Personal information
- Born: 1 March 1988 (age 38) Duhok, Iraq

Sport
- Country: Iraq
- Sport: Para-athletics
- Disability: Short stature
- Disability class: F41
- Events: Discus throw; Javelin throw; Shot put;

Medal record
Paralympic Games
| Gold medal – first place | 2016 Rio de Janeiro | Javelin throw F41 |
World Championships
| Gold medal – first place | 2011 Christchurch | Javelin throw F40 |
| Silver medal – second place | 2015 Doha | Javelin throw F41 |
| Bronze medal – third place | 2019 Dubai | Javelin throw F41 |
Asian Para Games
| Bronze medal – third place | 2010 Guangzhou | Shot put F40 |
| Bronze medal – third place | 2014 Incheon | Shot put F41 |
| Bronze medal – third place | 2014 Incheon | Discus throw F41 |
| Bronze medal – third place | 2018 Jakarta | Shot put F41 |

= Kovan Abdulraheem =

Iraqi Paralympic athlete (born 1988)

Kovan Abdulraheem (born 1 March 1988 in Duhok) is an Iraqi Kurdish Paralympic athlete of short stature and he competes in F41-classification throwing events.
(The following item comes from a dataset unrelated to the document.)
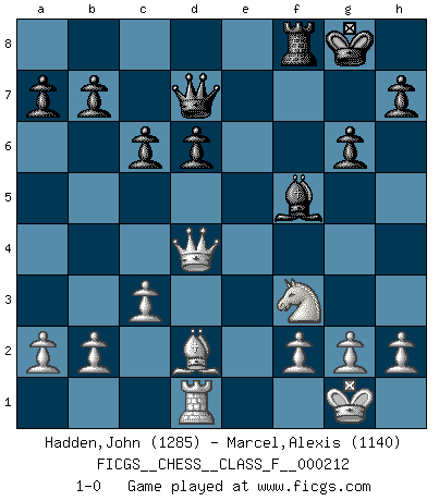 Last move : 1-0 2019 May 20 9:18:11 [Event "FICGS__CHESS__CLASS_F__000212"] [Site "FICGS"] [Date "2019.01.24"] [Round "1"] [White "Hadden,John"] [Black "Marcel,Alexis"] [Result "1-0"] [WhiteElo "1285"] [BlackElo "1140"] 1.d4 f5 2.Nc3 Nf6 3.e3 g6 4.Nf3 Bg7 5.Bd3 O-O 6.Bd2 d6 7.Qe2 Re8 8.O-O Nbd7 9.e4 fxe4 10.Bxe4 Nxe4 11.Nxe4 Nf6 12.c3 Nxe4 13.Qxe4 c6 14.Rae1 Bf5 15.Qe3 e5 16.dxe5 Bxe5 17.Qh6 Bg7 18.Qg5 Bf6 19.Rxe8+ Qxe8 20.Qxf6 Qd7 21.Rd1 Rf8 22.Qd4 1-0 Dutch Kingside Castling by player Black (move 5) Kingside Castling by player White (move 8) Player White won this chess game. Follow this game move after move (download)It is no time to be playing Chess when the house is on fire. (Italian Proverb) Charakterschwächen offenbaren sich normalerweise während einer Schachpartie. (Garry Kasparov) El Ajedrez es un cuento de Hadas de las 1001 metidas de pata. (Savielly Tartakower) Ce qui caractérise les parties de combat, c'est que si le défenseur a constamment de difficiles problèmes à résoudre, l'attaquant doit chercher sans relâche de nouvelles possibilités d'attaque. (Koblentz) Employ the attack like tactic of defense. (Chinese proverb)
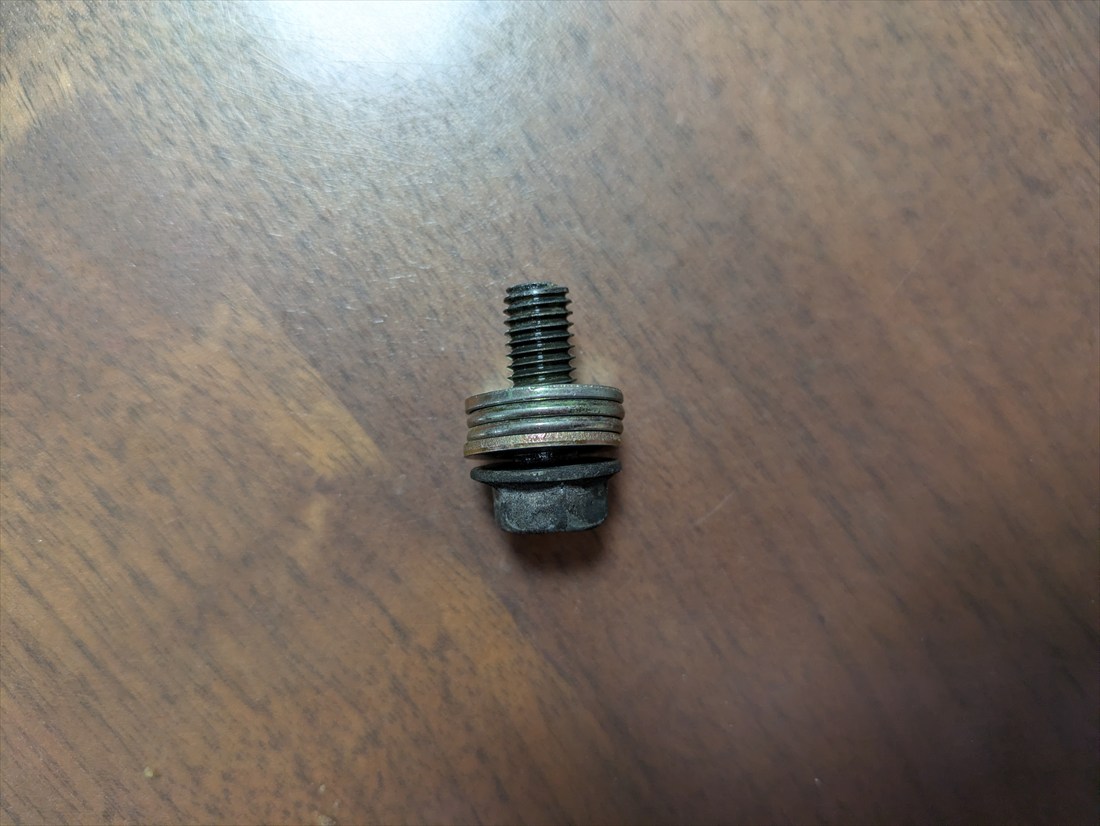 ↑の一時しのぎでもオイルは漏れていませんでしたが、相手がエンジンということもありあまり気もちの良いものではないので短いボルトかつガスケットで対応することにしました。

He won the gold medal in the men's javelin throw F41 event at the 2016 Summer Paralympics held in Rio de Janeiro, Brazil.

== Career ==

He represented Iraq at the 2012 Summer Paralympics and at the 2016 Summer Paralympics. In 2016, he won the gold medal in the men's javelin throw F41 event with a distance of 42.85m. In 2019, he qualified to represent Iraq at the 2020 Summer Paralympics after winning the bronze medal in the men's javelin throw F41 event at the 2019 World Championships held in Dubai, United Arab Emirates.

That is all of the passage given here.